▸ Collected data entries
╔══

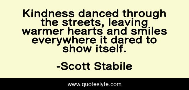 This page presents the quote "Kindness danced through the streets, leaving warmer hearts and smiles everywhere it dared to show itself.". Author of this quote is Scott Stabile. This quote is about kindness, love, affection,.
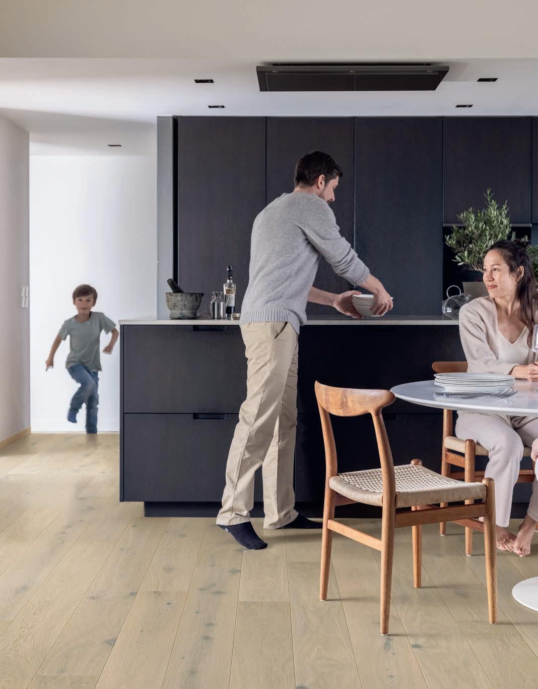 • Incastro Uniclic® e protezione AquaSafe garantiscono la tenuta totale del pavimento: posalo anche in cucina senza più pensieri.
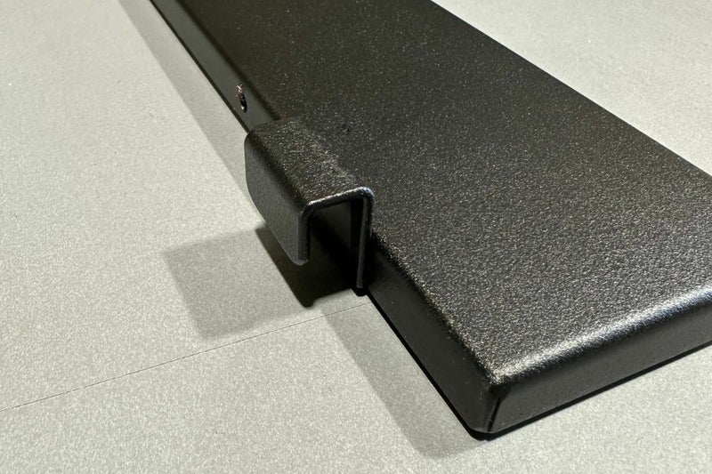 写真2枚目のフックをシェルフコンテナやフィールドラックに引っ掛けて、テーブルや調理台としてお使い頂けます。
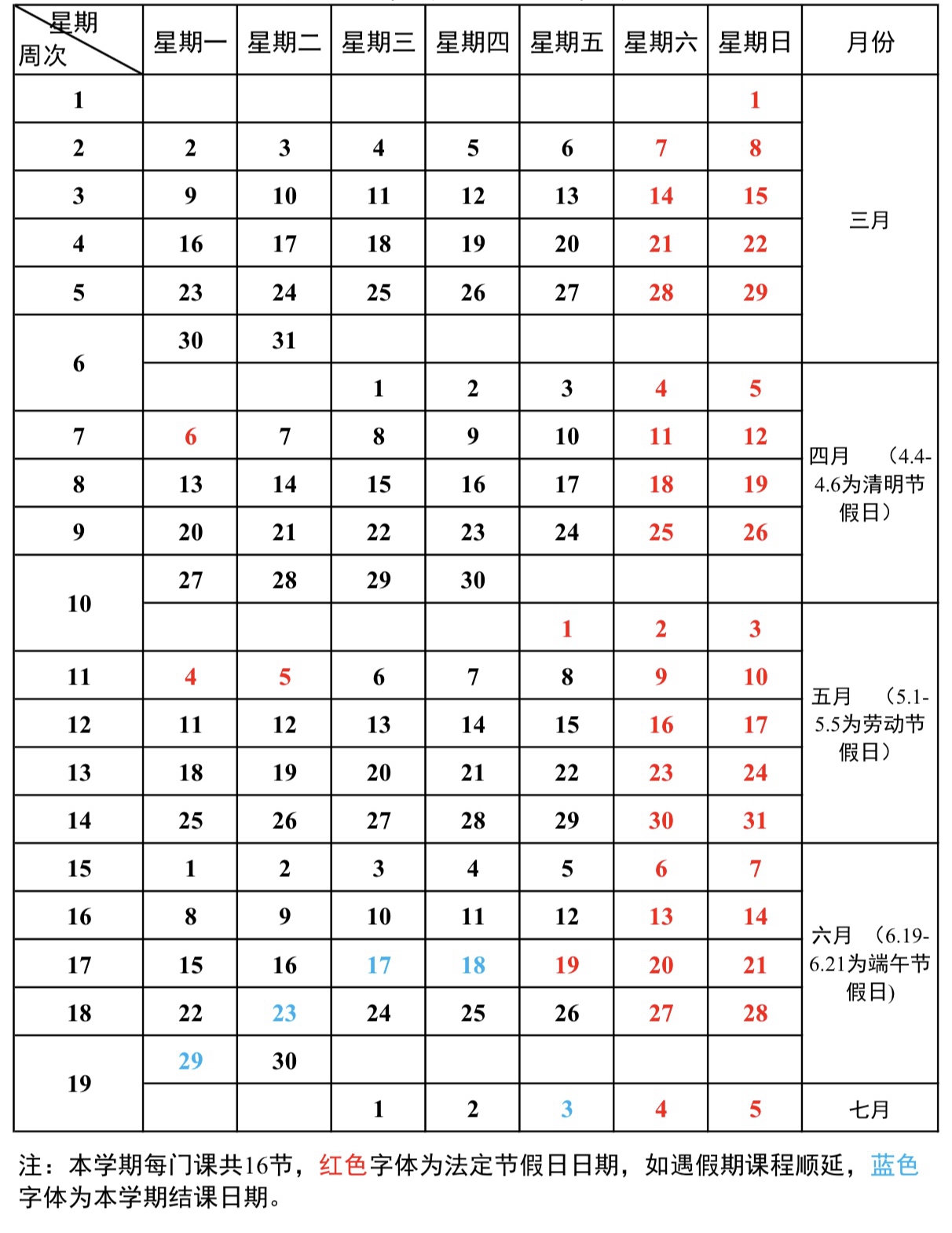 2026年春季校历
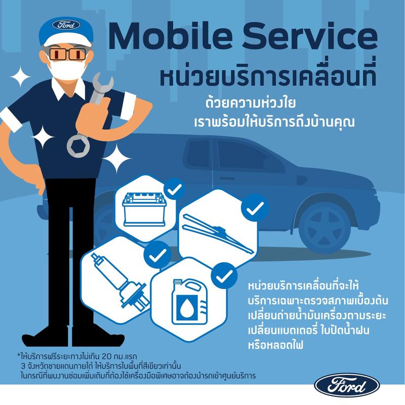 หน่วยบริการเคลื่อนที่ (Mobile Service) ของฟอร์ด จะให้การบริการที่ไม่จำเป็นต้องใช้เครื่องมือพิเศษ เช่น การตรวจสภาพเบื้องต้น การเปลี่ยนถ่ายน้ำมันเครื่องตามระยะ การเปลี่ยนแบตเตอรี่ ใบปัดน้ำฝนและหลอดไฟ โดยลูกค้าสามารถติดต่อศูนย์บริการฟอร์ด เพื่อขอใช้บริการจากหน่วยบริการเคลื่อนที่ (Mobile Service) จากผู้จำหน่ายได้ โดยหน่วยบริการเคลื่อนที่ พร้อมให้บริการลูกค้าถึงบ้านตามเวลานัดหมาย
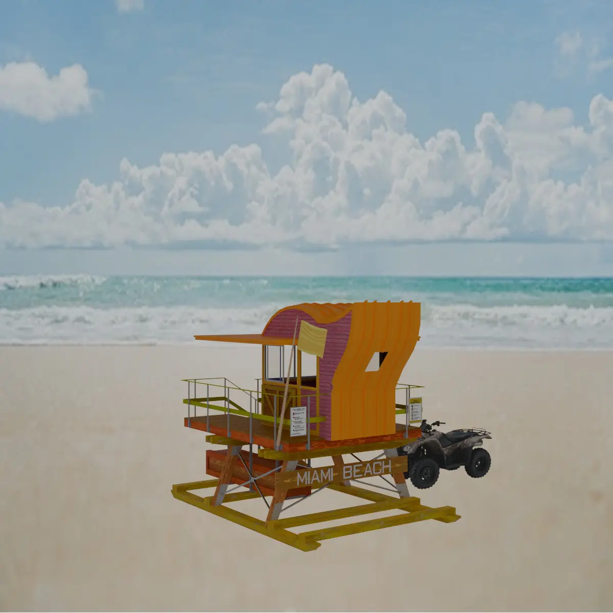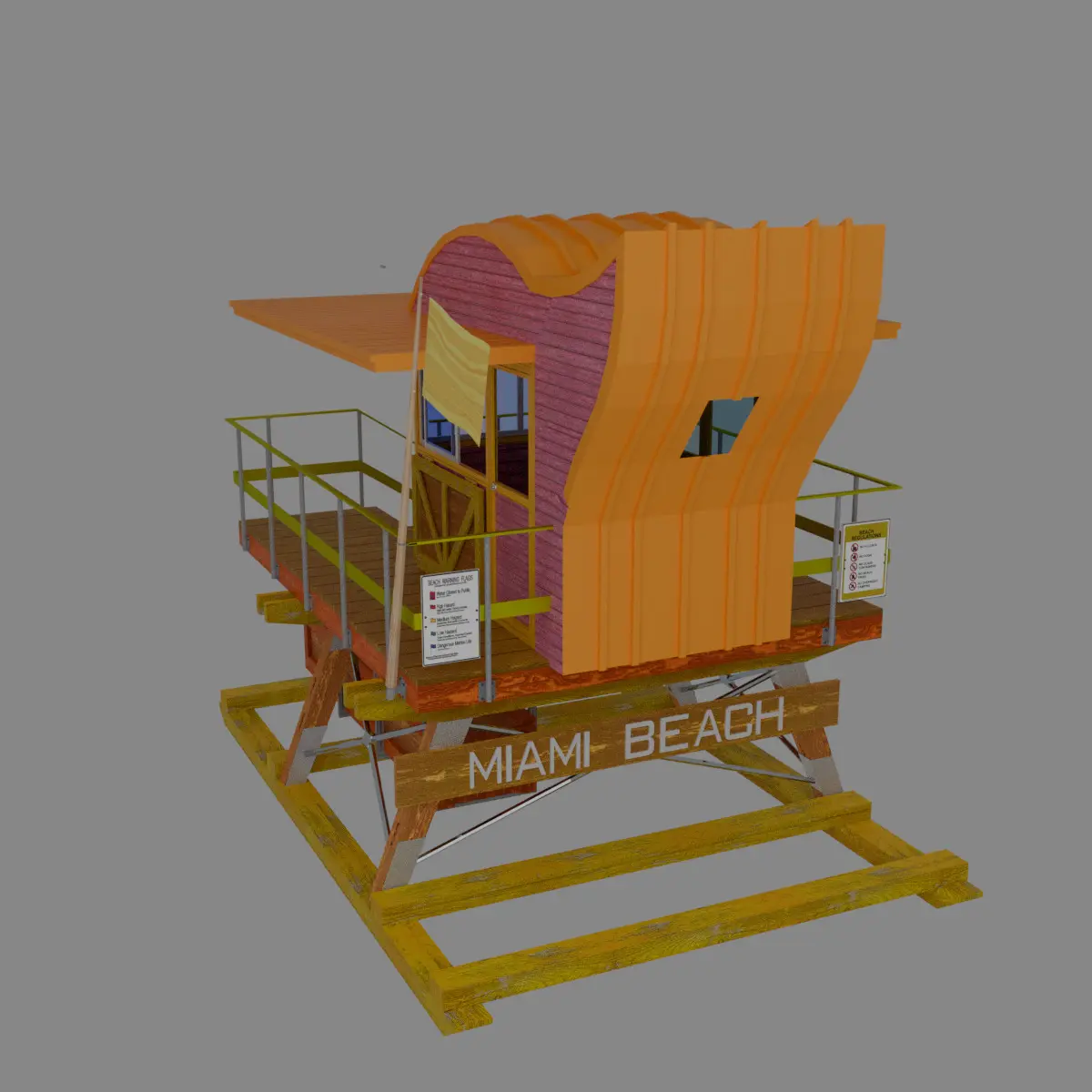 This Lifeguard Tower model was influenced by those built after Hurricane Andrew hit South Florida in 1992. The City of Miami Beach had a design team fashion new lifeguard towers to replace five damaged in the storm. When crafting the towers, the designers drew inspiration from the city itself. Miami Beach is famous for its Art Deco-style buildings, and they took a cue from the buildings that define the city, along with its rich melting pot of cultures. The lifeguard towers were influenced not only by Miami’s mid-century and Art Deco architecture but also by its Caribbean culture and the use of vibrant colors derived from the natural beauty of the tropics.-This model is suitable for use in any Blender 4.0 or later version scene or animation.-This model file contains 27 objects.-This model contains only node color and textures.
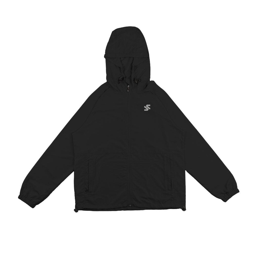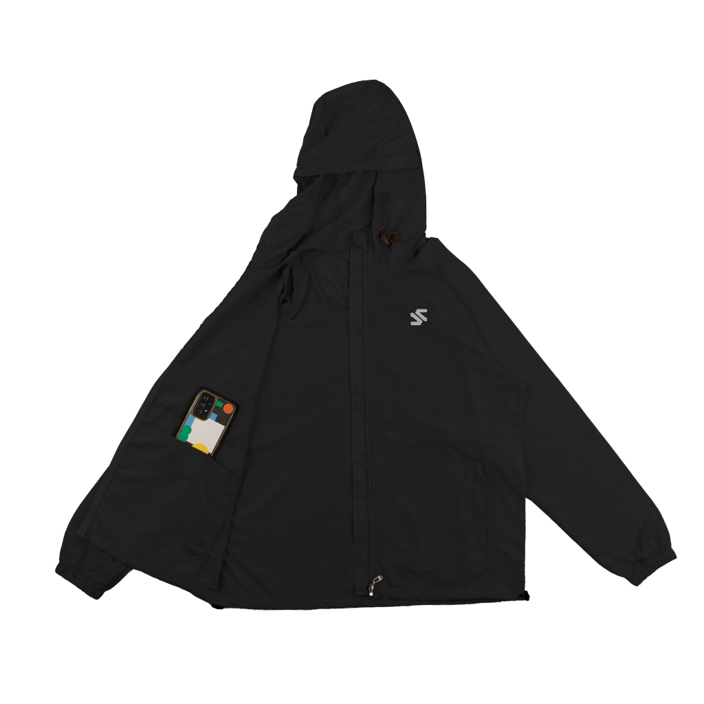 Saiber - Jaket Olahraga Running Parasut Polos Pria Wanita UV Protection Windbreaker Warna Hitam
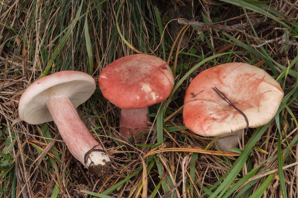Russula sanguinea: Bei Pinus sylvestris.

╚══

▸ TASK DESCRIPTION
Nothing but an exact copy is asked for: the lines from the start of the records through the line with "หน่วยบริการเคลื่อนที่ (Mobile Service) ของฟอร์ด", both ends included, minus any pictures.

▸ REPLY
 This page presents the quote "Kindness danced through the streets, leaving warmer hearts and smiles everywhere it dared to show itself.". Author of this quote is Scott Stabile. This quote is about kindness, love, affection,.
 • Incastro Uniclic® e protezione AquaSafe garantiscono la tenuta totale del pavimento: posalo anche in cucina senza più pensieri.
 写真2枚目のフックをシェルフコンテナやフィールドラックに引っ掛けて、テーブルや調理台としてお使い頂けます。
 2026年春季校历
 หน่วยบริการเคลื่อนที่ (Mobile Service) ของฟอร์ด จะให้การบริการที่ไม่จำเป็นต้องใช้เครื่องมือพิเศษ เช่น การตรวจสภาพเบื้องต้น การเปลี่ยนถ่ายน้ำมันเครื่องตามระยะ การเปลี่ยนแบตเตอรี่ ใบปัดน้ำฝนและหลอดไฟ โดยลูกค้าสามารถติดต่อศูนย์บริการฟอร์ด เพื่อขอใช้บริการจากหน่วยบริการเคลื่อนที่ (Mobile Service) จากผู้จำหน่ายได้ โดยหน่วยบริการเคลื่อนที่ พร้อมให้บริการลูกค้าถึงบ้านตามเวลานัดหมาย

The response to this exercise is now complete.